Def. \((X, T_1), (X, T_2)\) topological spaces with \(T_1\subset T_2\), then we call \(T_1\) coarser than \(T_2\), \(T_2\) finer than \(T_1\).

Def. interior \(A^\circ\) are the elements with \(A\) as nhbd

closure \(\overline A\) are the elements \(x\) such that \(X/A\) is not a nbhd of \(x\).

boundary \(\part A=\overline A/A^\circ\)

Prop. \(A^\circ\sub A\sub \overline A\).

Prop. \(A^\circ=\cup_{U\text{ open}, U\sub A}U\), \(\overline A=\cap_{U\text{ closed}, A\sub U}U\).

Prop. \(A^\circ\) is the largest open set \(\sub A\); \(\overline A\) is the smallest closed set contains \(A\).

TFAE: \(A\) open; \(A^\circ=A\); \(A\) is nhbd of every \(x\in A\).

Lec 3

Def. Metric distance \(d\) on \(X\): \(X \times X \to \R^+\), s.t. (1) \(d(x, y)=0\) iff \(x=y\); (2) \(d(x,y)=d(y,x)\); (3) trig ineq;

Let \((X, d)\) be a metric space. Induced topology: open if for each \(x\), a small open ball centered at \(x\) is in the set.

Two metrics on \(X\) are equivalent: within a constant factor.

Conti map between metric spaces: if \(\delta, \epsilon\) language holds.

Lec 4

Basis: \(B\sub T\) a basis if every elt in \(T\) can be written as a union of elts in \(B\).

Subbasis: \(S\sub T\) such that finite intersections of elts in \(S\) is a basis of \(T\).

(Often we only need to check basis. For example: \(f\) continuous, we only need \(f^{-1}(B)\) open for a basis \(B\) of the image.)

Prop: \(B\) is a basis if \(X\) is the union of elts in \(\mathcal B\), and for any \(x\in B_1\cap B_2\), exists \(x\in B\sub B_1\cap B_2\) for \(B\in \mathcal B\).

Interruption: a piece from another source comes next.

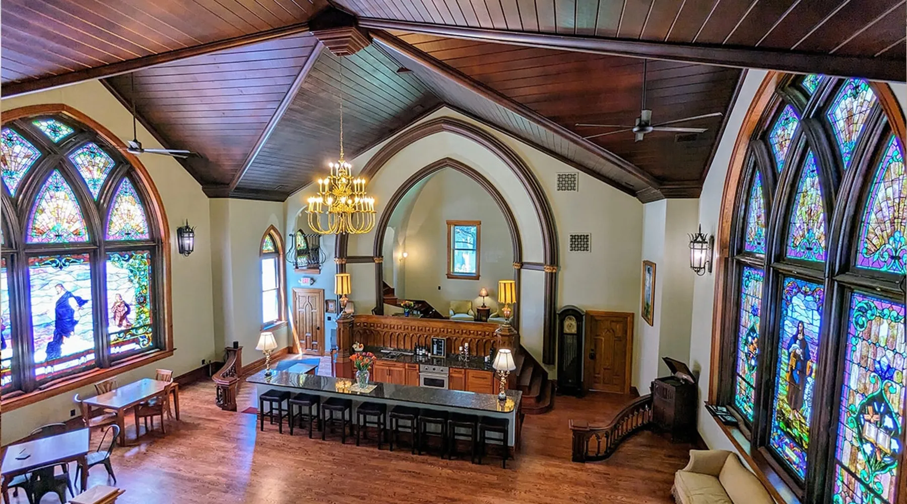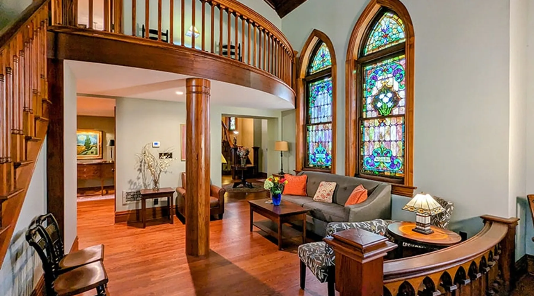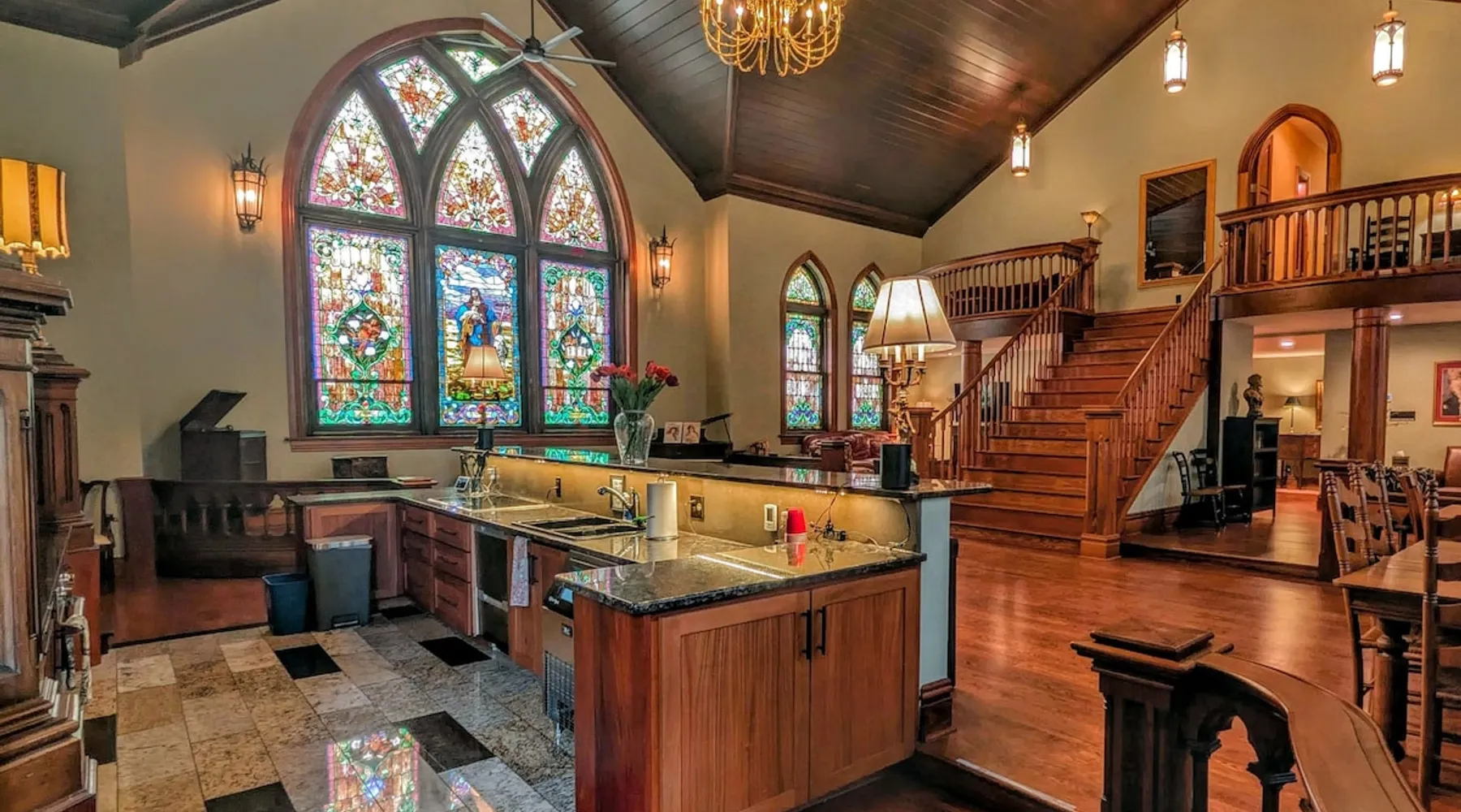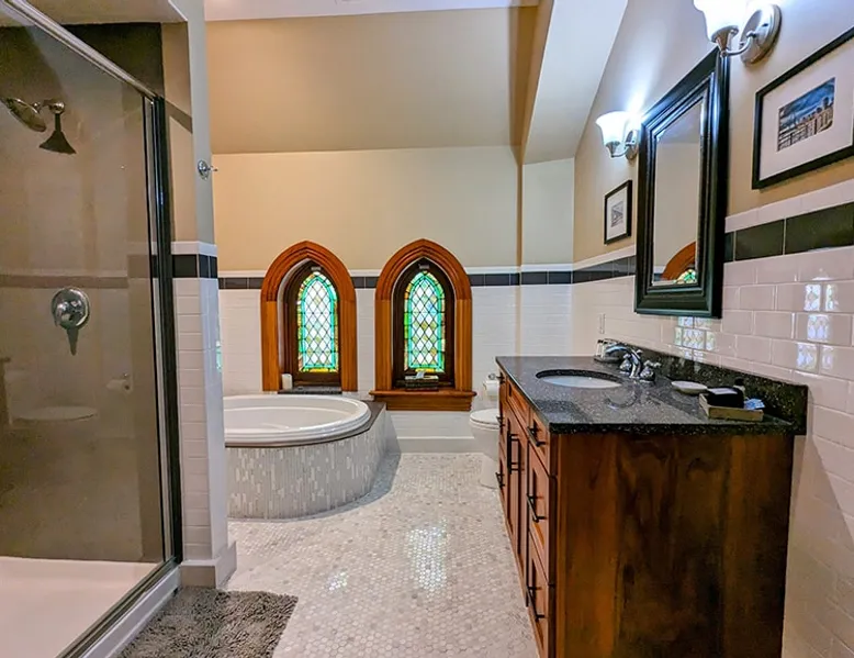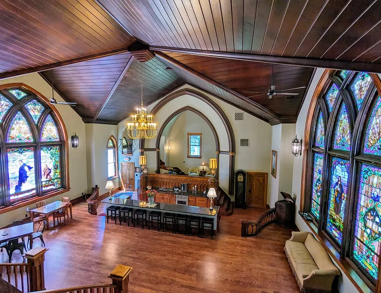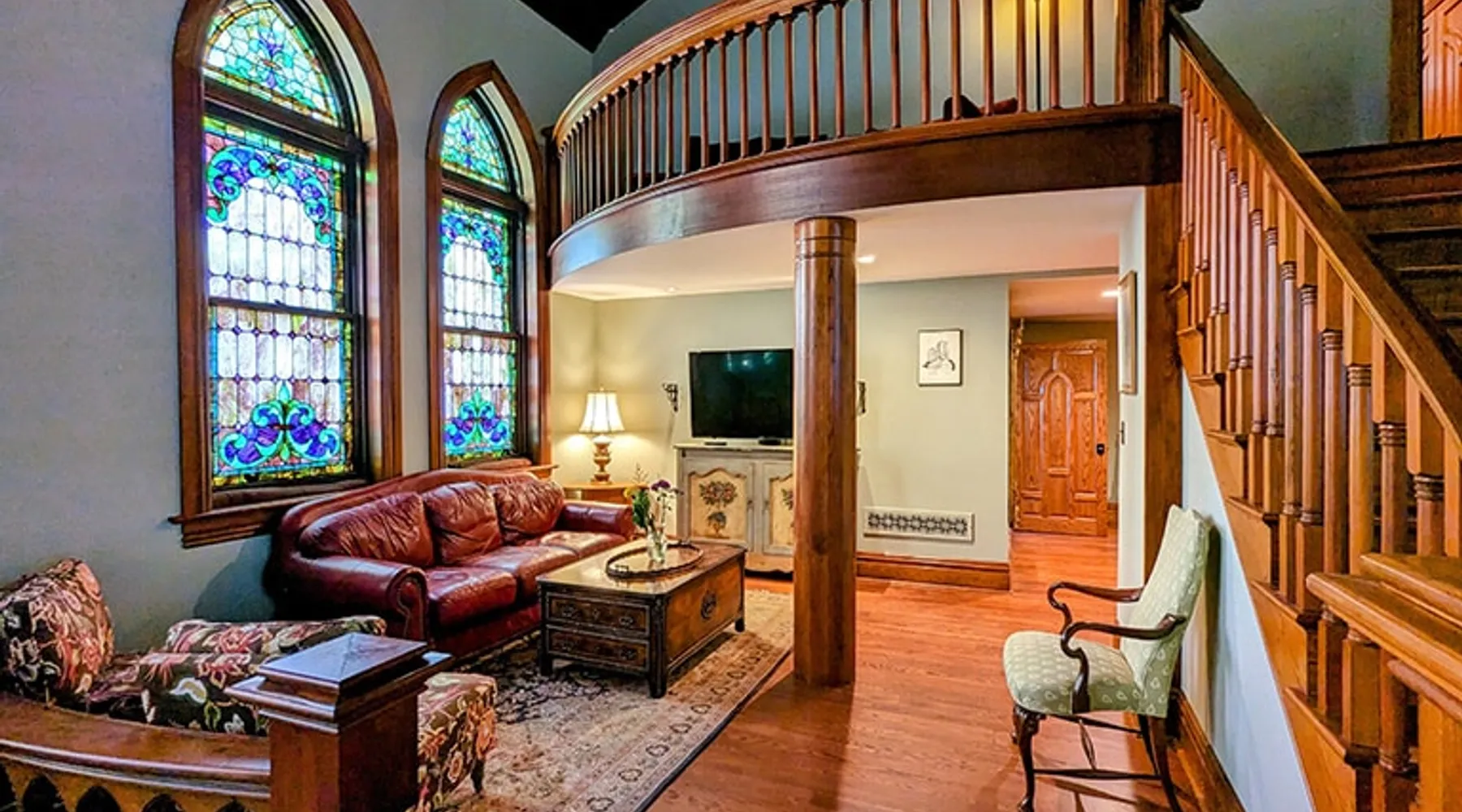 Discover refined elegance in The Riverfront Suite, where Gothic grandeur meets contemporary comfort. This distinctive retreat showcases original stained glass windows and exotic wood finishes . A plush queen bed and ambient electric fireplace create an intimate atmosphere, while the luxurious en-suite bathroom features heated floors, designer tile work, and a 2-person soaking tub. Take in panoramic city views from the shared rooftop hot tub. Perfect for couples seeking a romantic escape. The space Discover a Truly Divine Stay in St. Louis - A Historic Gothic-Style Church Transformed into Luxury Boutique Inn. Step into an architectural masterpiece where historical grandeur meets contemporary luxury. Our meticulously restored early 1900s Gothic-style church offers an extraordinary hospitality experience that goes beyond the ordinary. DISTINCTIVE FEATURES: • Breathtaking rooftop hot tub in the former bell tower, offering panoramic 360° views of St. Louis, including the iconic Gateway Arch, Forest Park, and the Central West End • Two monumental stained glass windows from 1905 grace the former gathering space, masterworks of artisanal craftsmanship featuring intricate details and vibrant colors that rank among St. Louis's finest examples of turn-of-the-century stained glass artistry. Throughout the building, original stained glass windows of varying sizes create an ever-changing dance of colored light, from intimate gothic windows in the suites to dramatic arched pieces in common areas, each telling its own part of the building's artistic legacy • Four luxurious guest rooms, each uniquely designed with romantic touches including ambient electric fireplaces that create a cozy glow. All rooms feature heated bathroom floors, rainfall showers, and indulgent soaking or jetted tubs, perfect for relaxation after exploring the city • Tranquil secret garden perfect for morning coffee or evening wine • Fully equipped shared kitchen featuring modern appliances, coffee station, and ample space for meal preparation • Multiple elegant common spaces throughout the building for relaxation and socializing • Convenient self check-in and dedicated host support throughout your stay • Free on-site parking PERFECT FOR: • Romantic getaways • Honeymoons and babymoons • Unique business travel accommodation • Special occasions and celebrations • Luxury staycations PRIME LOCATION: Nestled in safe, serene Clifton Heights, our location offers the perfect balance of peaceful seclusion and urban convenience. Just steps away: • 1-block walk to Clifton Park's serene pond and fountains • 0.3 miles to the Historic Hill neighborhood's renowned Italian restaurants • 1.5 miles to Forest Park attractions (St. Louis Zoo, Science Center, The Muni) • 2.0 miles to Historic Downtown Maplewood • 3.4 miles to Missouri Botanical Gardens • 3.5 miles to Washington University • 3.8 miles to The Cathedral Basilica & Central West End • 4 miles to The Pageant and Delmar Loop • 5 miles to The Fabulous Fox Theater • 6 miles to Busch Stadium Conveniently located with easy access to major highways, our inn is no more than 10 minutes from most of St. Louis’s top attractions. Whether you're seeking a peaceful retreat or planning to explore the city, our converted former Methodist church offers an unforgettable stay where historic charm blends seamlessly with modern comforts. Experience the magic of a space where every corner tells a story and every amenity has been thoughtfully curated to create an exceptional hospitality experience. Welcome to your sanctuary in the heart of St. Louis. Guest access You will have access to your private room with an en-suite bathroom as well as shared access to multiple living areas including: a shared kitchen, living and dining spaces, reading nooks, balcony, grand staircase, outdoor patio, secret garden, bell tower and roof-top hot tub. Other things to note The Riverfront Suite is one of four rooms in our boutique inn. Guests have access to shared spaces including the kitchen, dining area, former sanctuary, and rooftop hot tub. Per City of St. Louis regulations, a government-issued ID must be provided before check-in. Guests using the hot tub must complete a waiver and agreement. Security cameras with audio are installed at all exterior entrances. For guest safety, interior cameras are also present in shared areas including the check-in location of the kitchen & dining in the former sanctuary. Registration Details Exempt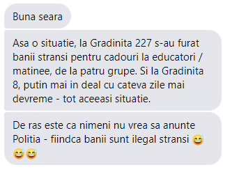 Pe un grup de pe rețelele de socializare mai mulți părinți au scris că aceste furturi au avut loc la două grădinițe și că acești bani ar fi fost strânși pentru matinee și cadouri la educatori.

Cor: \(S\) subbasis only need the union of elts is \(S\).

Product space

Box topology: topology generated by \(\Pi u_i\), with \(u_i\sub X_i\), \(u_i\) open.

Product topology: generated by subbasis \(S = \{\pi^{-1}_j(U_j), U_j\sub_{open} X_j\}\).

Remarks: 1. Fin intersection of \(S\) are those whose all but finite dims are \(X_i\).

  1. \(I\) finite, then box = product.
  2. \(\pi_i\) continuous (when the topology on the product space is product topology)
  3. \(X\) be a space, \(f_i: X\to X_i\) is a map, \(f: X\to \prod x_i, x\to(f_i(x))\), then \(f\) conti iff each \(f_i\) conti.

Lec 6

Quotient topology on \(X/\sim\): \(U\) open if \(\pi^{-1}(U)\) open.

Induced function \(g:X/\sim\to Y\) from \(f: X\to Y\) (need to be well defined)

​ Then \(g\) surjective iff \(f\) surjective; \(g\) injective if diff class to diff result; \(g\) conti iff \(f\) conti. (\(f=g\pi\), \(g^{-1}=\pi f^{-1}\)).

​ To show \(g\) Open: suffices to show \(g(u)=f(\pi^{-1}(u))\) open for open \(\pi^{-1}(u)\). (Sometime suffices for basis.)

Lec 7

Def. Nbhd basis of \(x\): a family of nbhds \(B_x\), for any \(x\in U\) open, exists \(B\in B_x, B\sub U\).

Def. Sequence: A map from \(\N\) to \(X\), write as \((x_n)\).

Def. \(X\) a top space, \((x_n)\) a sequence, an element \(x\in X\) is a limit of \((x_n)\) (write as \((x_n) \to x\)) if for any \(x\in U\sub X\) open, exists \(N\ge0\) such that for any \(n > N\), \(x_n\in U\). And say that \((x_n)\) converges to \(x\).

Remark: We only need to check the case \(U\in B_x\).

Examples: in \((X, T_{discrete}), (X, T_{cocountable})\), converge to \(x_n\) iff stationary (all is \(x_n\) after a point. ) (proof: \(X-\{x_n\}+x\) is open)

​ in \((X, T_{trivial})\), converges to anything

​ in \((X, T_d)\), nhbd basis are open balls centered at \(x\), so it's the usual understanding of limit.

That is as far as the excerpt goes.